This is precisely what I'm talking about when I write here about plutocracy. There are so many people who have their hands in the cookie jar, they move in and out of large corporations or organizations to politics and back, and they exist this way.

This is why it's rather amusing listening to conservatives like the Koch brothers lament "Marxism", while conveniently not wanting to discuss facts such as YOUR tax dollars paid for millions of miles of logging roads to be built so they could log the forests and reap the profits. Their list of connections to the government goes on and on. The Koch brothers are modern day plutocrats, and they are not the only ones. Many of them sit on government committees while working for the same industry they are advising in oversight. They are essentially socialists.

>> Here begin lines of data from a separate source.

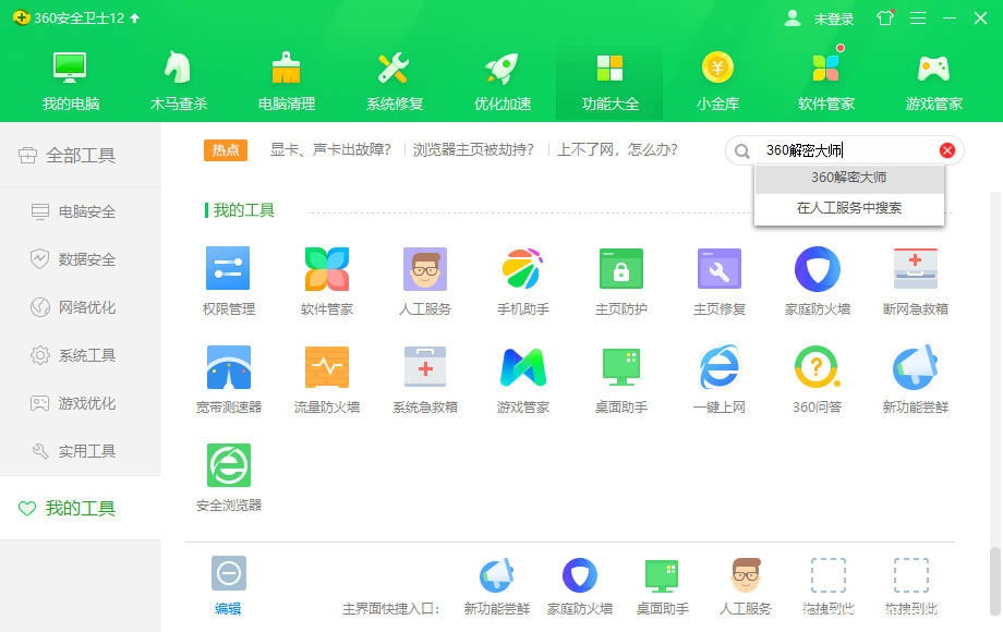 6、中招勒索病毒之后切忌病急乱投医,应立即前往lesuobingdu.360.cn确认所中勒索病毒类型,并在360安全卫士中找到“功能大全”,搜索安装“360解密大师”功能,点击”立即扫描“恢复被加密文件。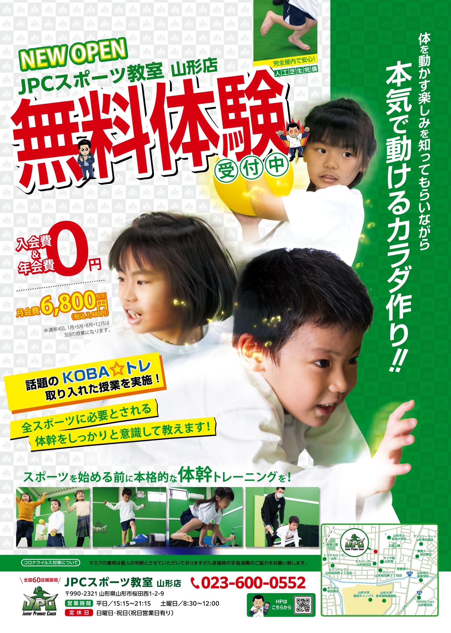 東北初出店㊗️ 山形1号店が令和6年5月6日(月・祝)オープン! オープン当日は、予約不要のオープン見学会も開催🤸 【見学会詳細】 JPCスポーツ教室山形店 日時:5月6日(月・祝)9時~17時 場所...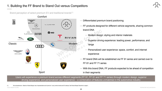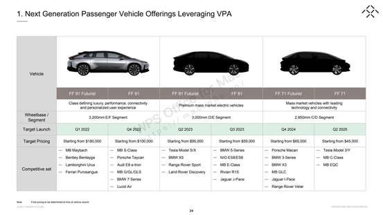 第二十四页:具体介绍FF的三款车型:FF 91,FF 81,FF 71。每一款车型都有两个版本,一个性能版一个基础版。以最接近量产的FF 91为例,性能版将在2022年一季度上市,起售价18万美元,竞争对手是奔驰迈巴赫、宾利添越、兰博基尼Urus、法拉利Purosangue;基础版将在2022年四季度上市,起售价10万美元,竞争对手是奔驰S级、宝马7系、奥迪E8、保时捷Taycan等。
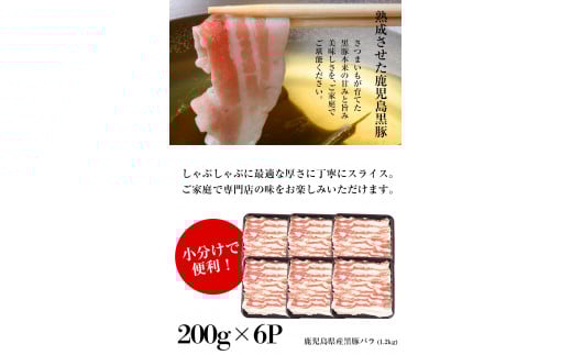 鹿児島県産 黒豚 しゃぶしゃぶ バラ 計1.2kg(200g×6P)冷凍 小分け 国産 鹿児島県産 黒豚 バラ肉 スライス しゃぶしゃぶ【A-1606H】

Party Members..like Russian communists..Republican voters are like their own little pep squad..Meanwhile they scream "socialism!!" etc.
 
redtreviso said:
Party Members..like Russian communists..Republican voters are like their own little pep squad..Meanwhile they scream "socialism!!" etc.

Our entire "Government" is geared towards benefiting the upper class at the expense of the middle class, while giving just enough of what that middle class had to the vast lower class to keep them from rioting in the streets. All the time making sure that they are all blaming each other for their problems so that none of them notice how they are being screwed over.
The last President who gave any kind of thought to the middle class was Clinton.
 
Nor will it.

Agree with Hugh's post for the most part.

Meanwhile, came across this from Robert Reich. One of the few Dems I think actually looking out for the middle class, and not just with rhetoric:

Quiz: Which of the 2012 presidential aspirants delivered the following words at the Conservative Political Action Convention, now underway in Washington?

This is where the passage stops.